Anti-inflammatory effect of selective estrogen receptor modulators (SERMs) in microglial cells

Abstract

Our aim was to study how different SERMs modulate the inflammatory responses induced by lipopolysaccharide (LPS) or unmethylated CpG-oligonucleotides in mouse and rat microglial cells. Inflammatory responses of mouse N9 microglial cells and rat primary hippocampal microglia to lipopolysaccharide (LPS) exposure were recorded by the secretion of nitric oxide (NO) and cytokine IL-6 in two models where SERM was added either 24 h before LPS addition or simultaneously or even after the LPS exposure. The responses of 17beta-estradiol, tamoxifen, raloxifene and ICI 182.780 were compared. Responses were recorded by ELISA, Northern and EMSA assays. SERMs but not 17beta-estradiol induced a significant, concentration-dependent anti-inflammatory response both in rat primary microglial cells and in mouse N9 microglial cells. The response was observed both in NO and IL-6 secretion as well as in total IL-6 mRNA expression. We have recently observed that histone deacetylase (HDAC) inhibitors can potentiate the LPS-induced inflammatory response.
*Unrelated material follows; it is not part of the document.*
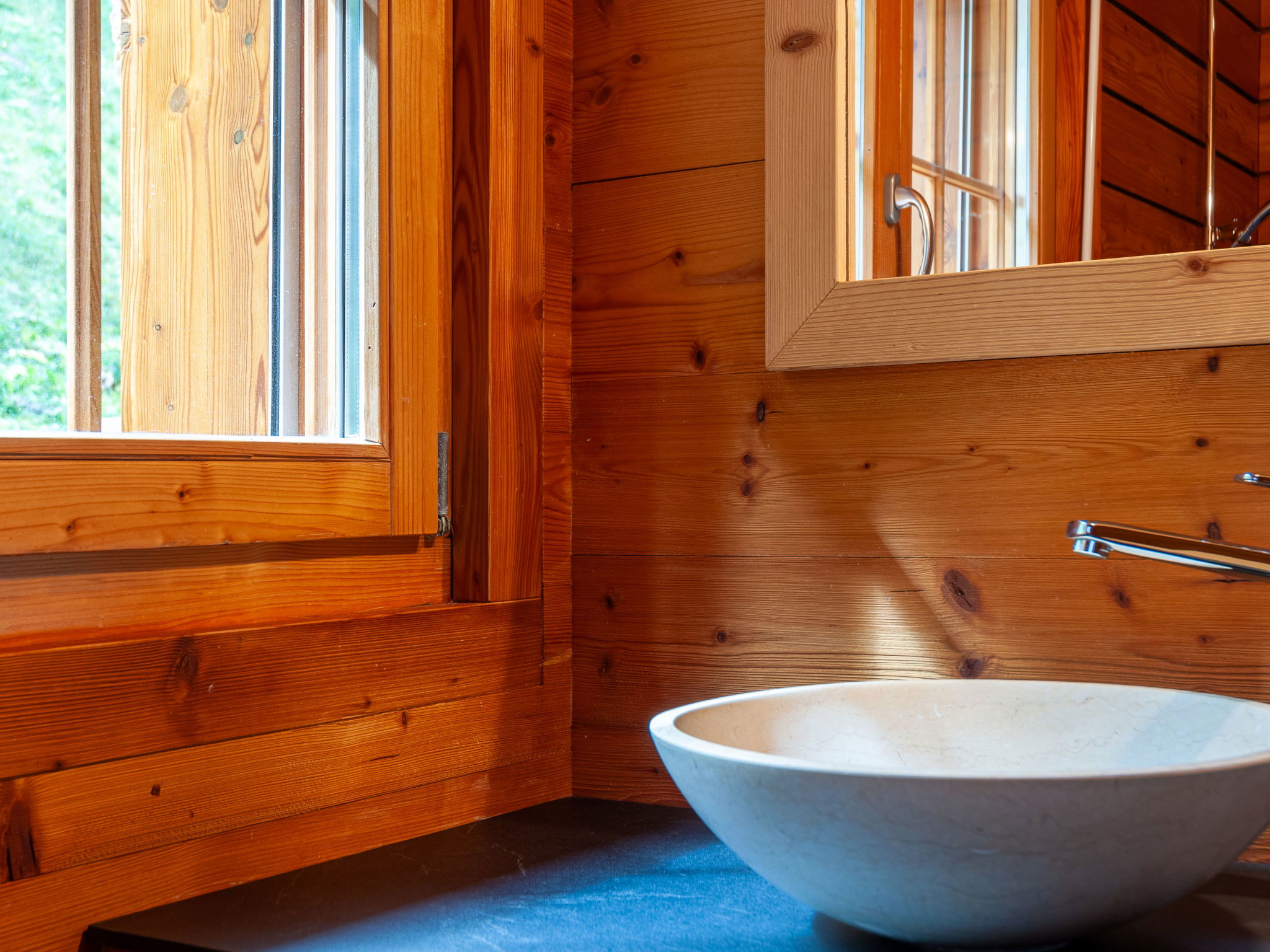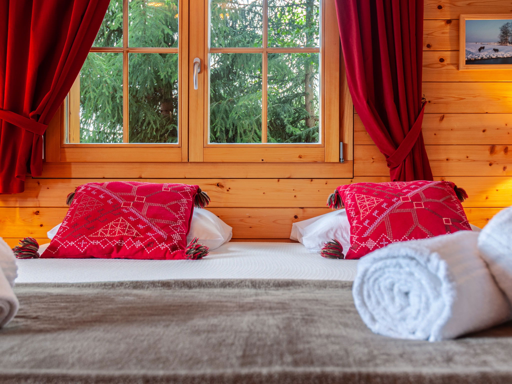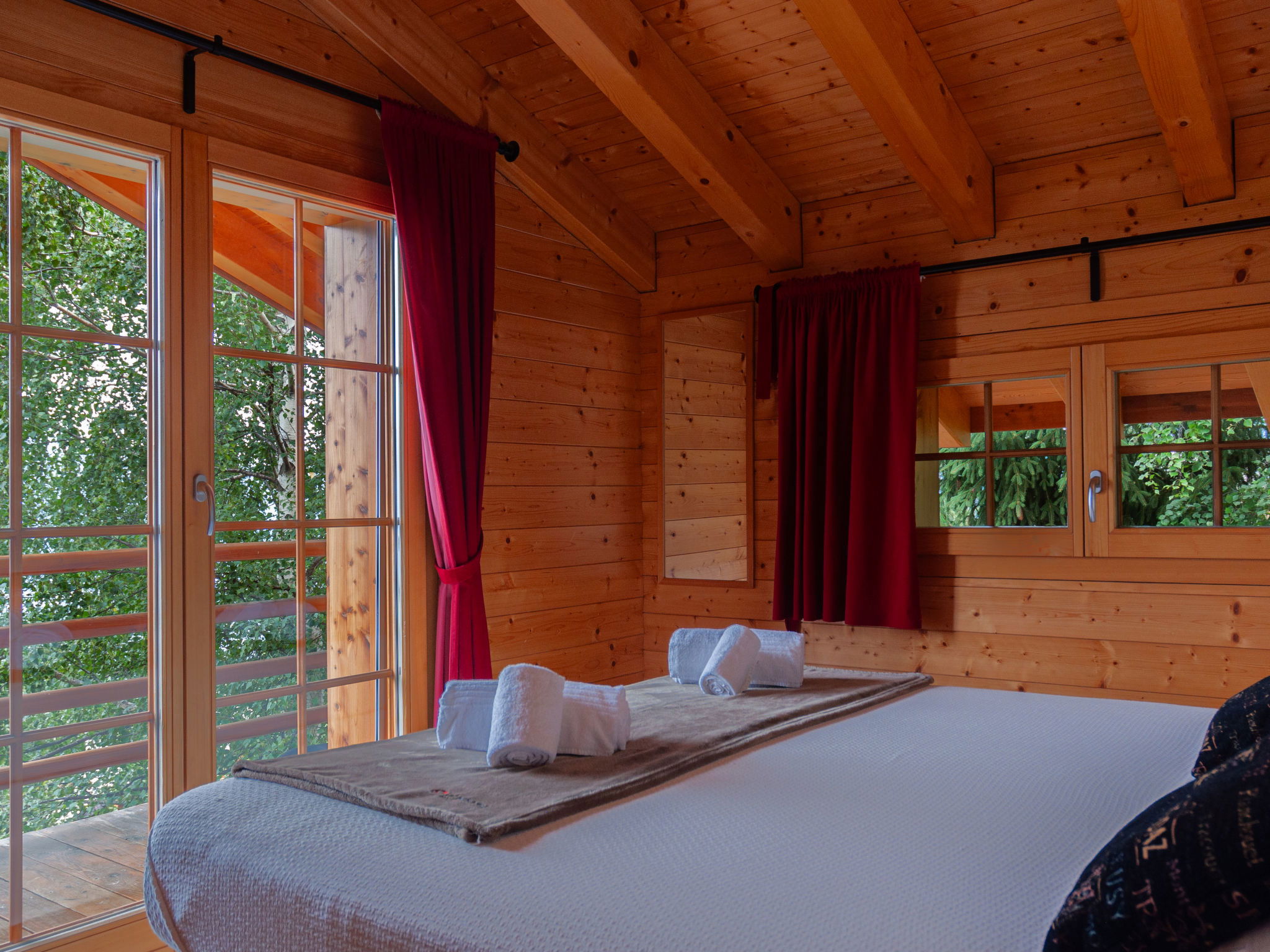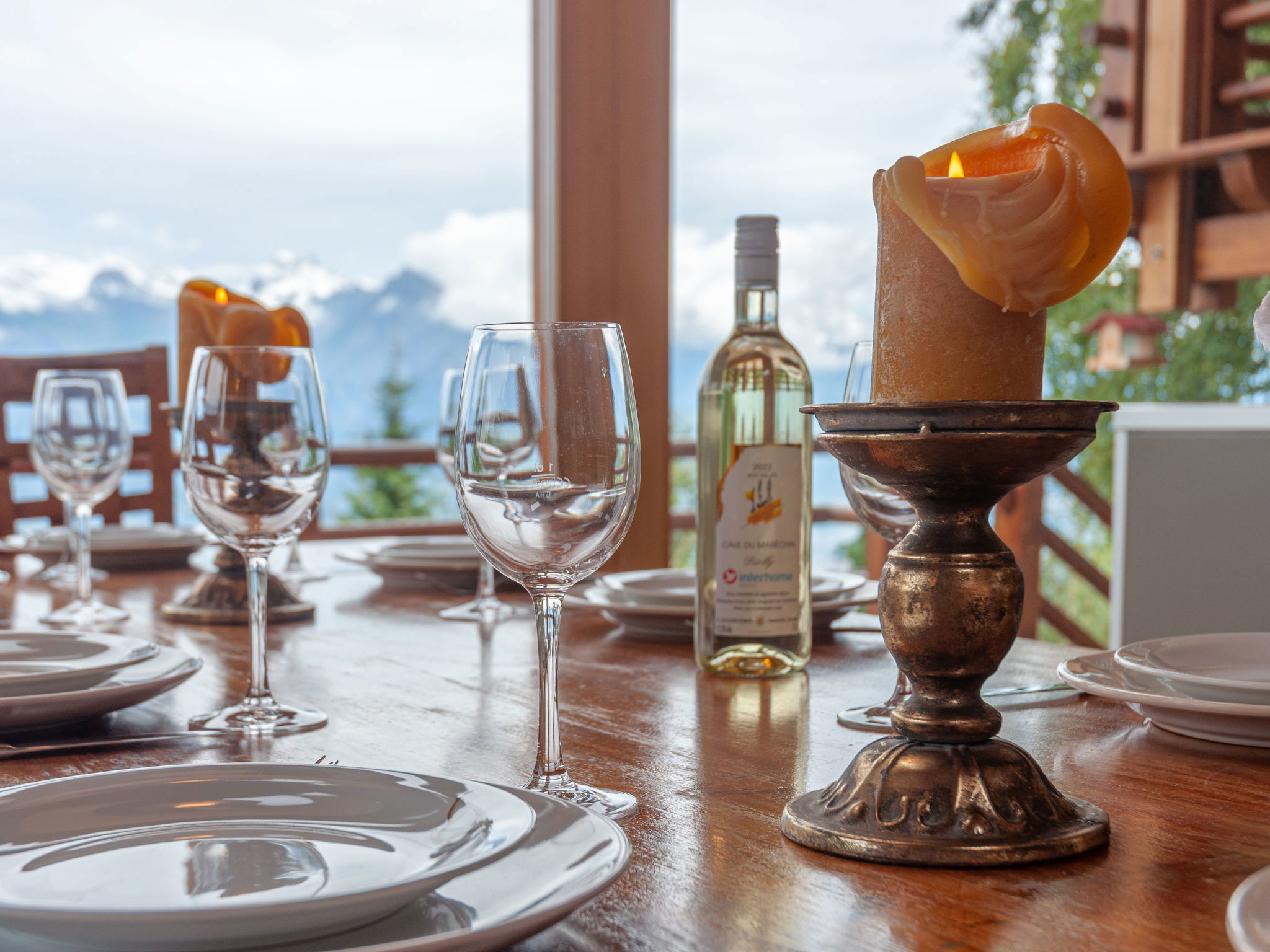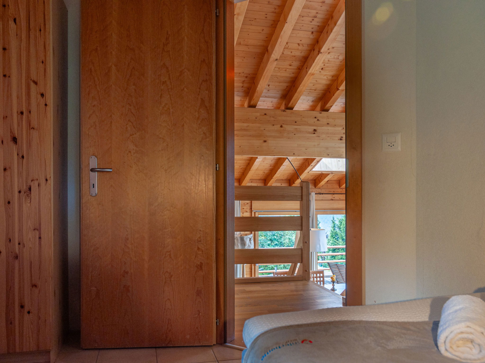 "Mimique", 5-room chalet 180 m2 on 3 levels. Bright, renovated in 2014, comfortable furnishings: living/dining room with panoramic window with Scandinavian wood stove, satellite TV, cable TV, CD-player, hi-fi system and DVD. Exit to the terrace, north-west facing position. 1 room with 1 french bed (180 cm, length 200 cm). Exit to the terrace, north facing position. Open kitchen (oven, dishwasher, 4 ceramic glass hob hotplates, toaster, kettle, microwave, freezer, electric coffee machine, Capsules for coffee machine (Nespresso) extra, raclette grill, fondue Set (cheese)). Bath/shower, sep. WC, double hand-basin. Heating. On the lower ground floor: entrance hall. 1 large room with 1 french bed (160 cm, length 200 cm), cable TV and flat screen. Exit to the terrace, north facing position. Shower, sep. WC, double hand-basin, Sauna. Upper floor: 1 room with sloping ceilings with 1 french bed (180 cm, length 200 cm). Exit to the balcony, north facing position. 1 room with sloping ceilings with 2 beds (90 cm, length 200 cm). Shower/WC. Terrace 55 m2, west facing position and south facing position. Terrace furniture, barbecue (portable), deck chairs (3). Marvellous view of the mountains and the valley. Facilities: washing machine, dryer, sauna, children's high chair, baby cot, hair dryer. Internet (WiFi, free). Parking (2 cars), garage, height 210 cm, width 250 cm. Please note: non-smokers only.

Raloxifene and tamoxifen inhibited the potentiation of LPS response induced by trichostatin A, an HDAC inhibitor, in N9 microglia. A SERM-induced anti-inflammatory response was observed in acute models where SERM was added simultaneously or even up to 6 h later than LPS exposure. In contrast, the pretreatment of N9 microglia with tamoxifen or raloxifene for 30 h before LPS exposure did not provide any protection against the LPS response. We also observed that the raloxifene-induced protection in N9 microglia was connected to a decline of LPS-induced DNA binding activity of AP-1 but not that of NF-kappaB transcription factors. Our results show that tamoxifen, raloxifene and ICI 182.780 induce an anti-inflammatory response in acute models of mouse and rat microglial cells. It seems that this response is not estrogen receptor-mediated but, probably, is attributable to some SERM-induced modulation of LPS-activated pro-inflammatory signalling cascades.